He saw the group on the lawn start to move toward him and put up his hand to stop them.
Grace strained hard now. She was pulling in air at a rapid rate. But she was keeping close to the side of the house. He kept his eyes on her paws, watching for glass or pieces of metal. She was following a narrow gully that the overflowing gutters had created between the foundation of the house and the beginning of the lawn.
At the corner of the house Grace took another hard right. She picked up her pace, skittering in the mud. There was more debris in the backyard than the front and Creed tried to slow her down.
The woods began about fifty feet from the back of the house. Fragrant bushes lined the yard, creating a natural barrier. In the fog it was difficult to see anything beyond them. The thick bushes had also acted as a stopgap for the floodwater that had come through earlier, gathering pieces of debris left behind. He worried that the grass held equal amounts of foreign objects that could pierce Grace’s pads. His boots crunched glass and a knot tightened in his stomach.
Grace stopped suddenly, interested in something stuck in the bushes. She looked back at him and sat down.
Another alert.
He took a closer look and saw a couple more wadded tissues pierced on the prickly bush. To anyone else they’d simply look like garbage, but Grace insisted they were “Hamlet.”
Creed glanced back toward the front of the house. Vance hadn’t allowed anyone to follow. He remembered the daughter had found the front door open. The search party had spent hours going up and down the neighborhood and, from what Vance had told him, they had ventured into the forest that started across the street and at the end of the cul-de-sac. They had tried to track the footsteps of an elderly woman who had come out her front door on a dark and stormy night, thinking that she had gone looking for her daughter who hadn’t come home.
They had done their best to guess the mind of someone old and confused with dementia. Had they looked in the backyard, they would have seen what Creed saw now—nothing.
“Good girl, Grace,” he told her in an even tone and not the excited, high-pitched one he used when she found what they were looking for. Still, her eyes left his to glance at the backpack where she knew her pink elephant was waiting.
“Grace,” he said, and her eyes came back to his. “Find Hamlet.”
She stood up and sniffed at the tissues. Glanced up at him.

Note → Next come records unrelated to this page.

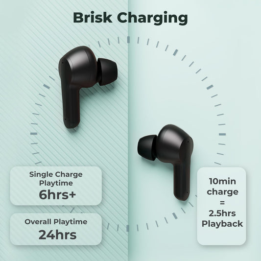 (Without Box)Defy Gravity Zen in Ear TWS Earbuds with 24 HRS Playback, Fast Charge, Low Latency, ENC Solution, Quick Pair & Connect(Bold Black)
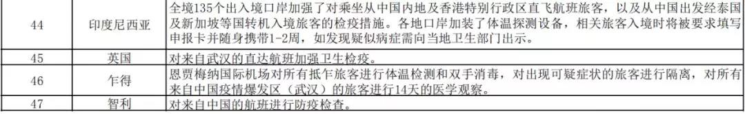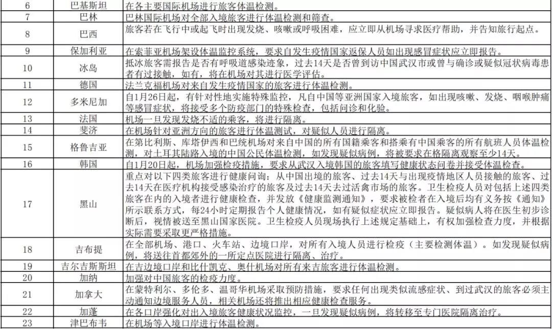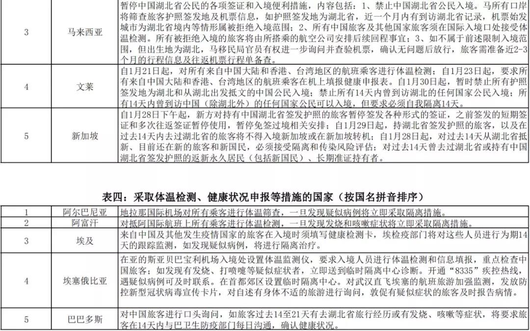 外国有关肺炎疫情防控的入境管制措施汇总表
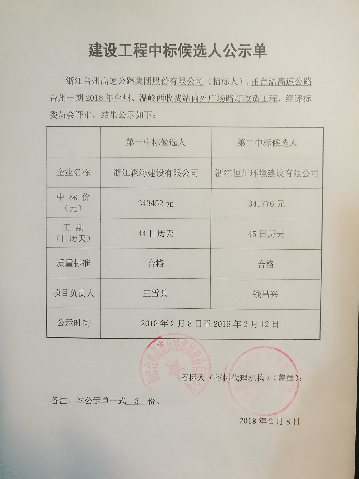2018年臺州、溫嶺西收費站內(nèi)外廣場路燈改造工程中標(biāo)候選人公示單
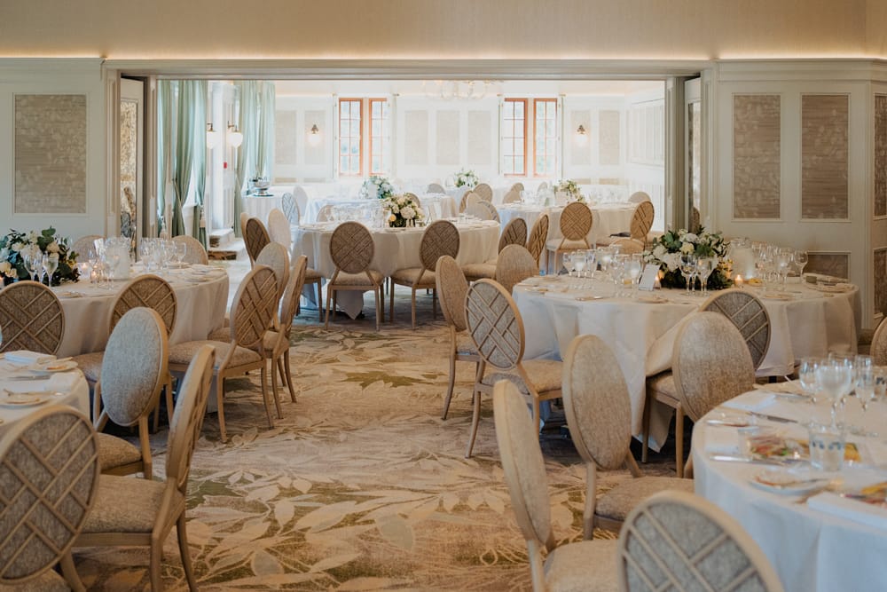 The Terrace wing at Pennyhill Park, newly refurbished with a classic design, is available exclusively for wedding receptions. It includes a private bar, balcony, and a breakout room for guests who want to take a break from the music.
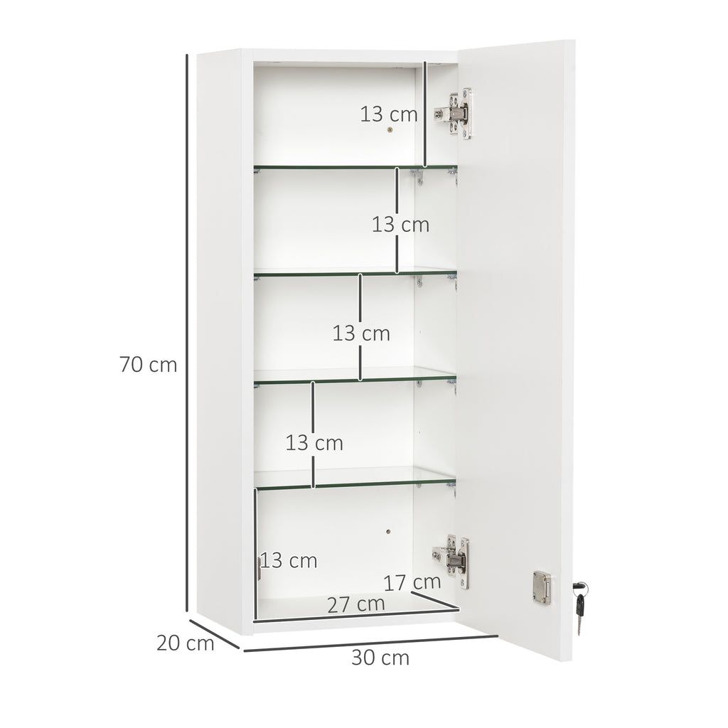 Armoire à Pharmacie 30x20x70 cm avec Serrure en Bois et Verre Blanc
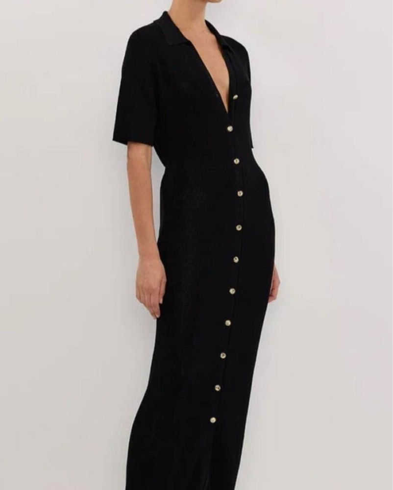 Dissh - LIAM BLACK KNIT POLO MAXI DRESS
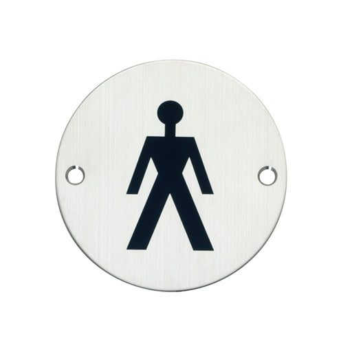 Bary Male Toilet Sign Aluminium Product Information Use: Commercial high use areas Dimensions: 76mm disc Fixing: wood screws (matching screws su...
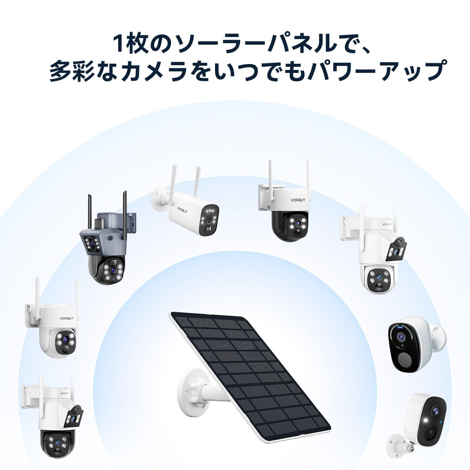 VORGUT ソーラーパネル 5W/5V 防犯カメラ用 3Mケーブル付き 屋外対応 IP66防水 太陽光充電パネル バッテリー対応 USB-C端子

They could have blown there from anywhere, even if they had belonged to Mrs. Hamlet. Just when Creed thought they were at a dead end, Grace’s nose started twitching. And once again she tugged and strained, pulling him toward the thick barrier of bushes. She turned right and led him along the row. At the end she took another right and headed back toward the house. Before she got there she stopped in her tracks.

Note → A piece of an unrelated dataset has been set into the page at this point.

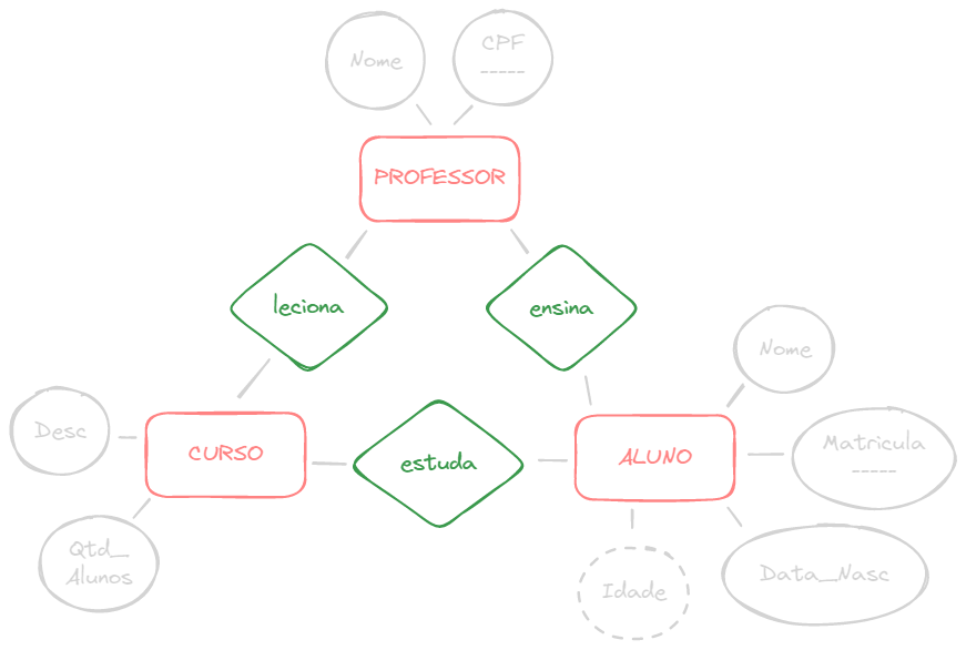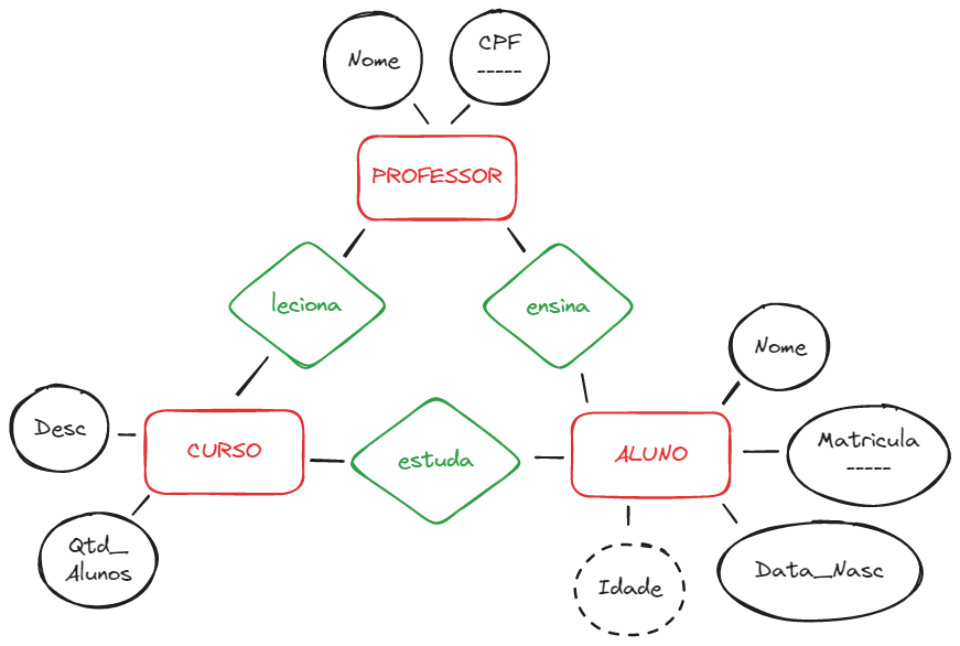 Fomos contratados por uma instituição, e a mesma, precisa ter um sistema para controle de cursos, sabemos que precisamos ter informações dos alunos, dos cursos e de professores. De cada aluno, será necessário armazenar: seu nome, matrícula, data de nascimento e idade. De cada curso será necessário armazenar a descrição e quantidade de alunos inscritos. Do professor, o seu nome e CPF.

Her tail stood straight out. No motion. Ears perched forward. Nose up, twitching and sniffing rapidly. She turned right again but didn’t go far. She circled and stopped. But she wasn’t finished.
This time she took off and raced for the back line of bushes. She pulled Creed through a narrow gap where the branches didn’t touch her but scraped and scratched at his jeans and snagged his shirt, ripping it before he could set himself free. On this side the grass ended and mud greeted his boots, sending him sliding. He kept his balance even as the forest floor sloped down. Grace didn’t slow a bit.
In seconds the canopy above cut their light. The fog seemed to come alive, moving between the trees like smoke in the wind. Dampness settled around them. Branches dripped. The smell of earth and pine was overwhelming. Yet Grace’s nose continued to work the air.
Creed glanced back up to get a sense of how far they had come, and he could no longer see the bushes that separated the Hamlet backyard from the forest. He knew that Grace was still leading him toward the right but it was subtle now. None of the sharp turns like in the backyard. He was starting to get concerned about how deep they were going. His head hurt. The cut above his eye throbbed a new rhythm of pain. Already he felt that his sense of direction was slipping away.
He wanted to reel Grace in. Take a break. Get both of them some water. Before he had a chance to do any of that, Grace skittered to a halt. She sat down and looked up at him, her eyes finding his.
Creed’s pulse was racing, his breath uneven. His eyes darted around the area. The fog was thick along the floor of the forest. He squinted but all he could see were trees, downed branches, a pile of rubbish, leaves and pine needles, thigh-high shrubs, and vines growing from trunk to trunk. He scanned higher, looking for more tissues stuck in branches, pieces of fabric, anything that could have once been Mrs. Hamlet’s.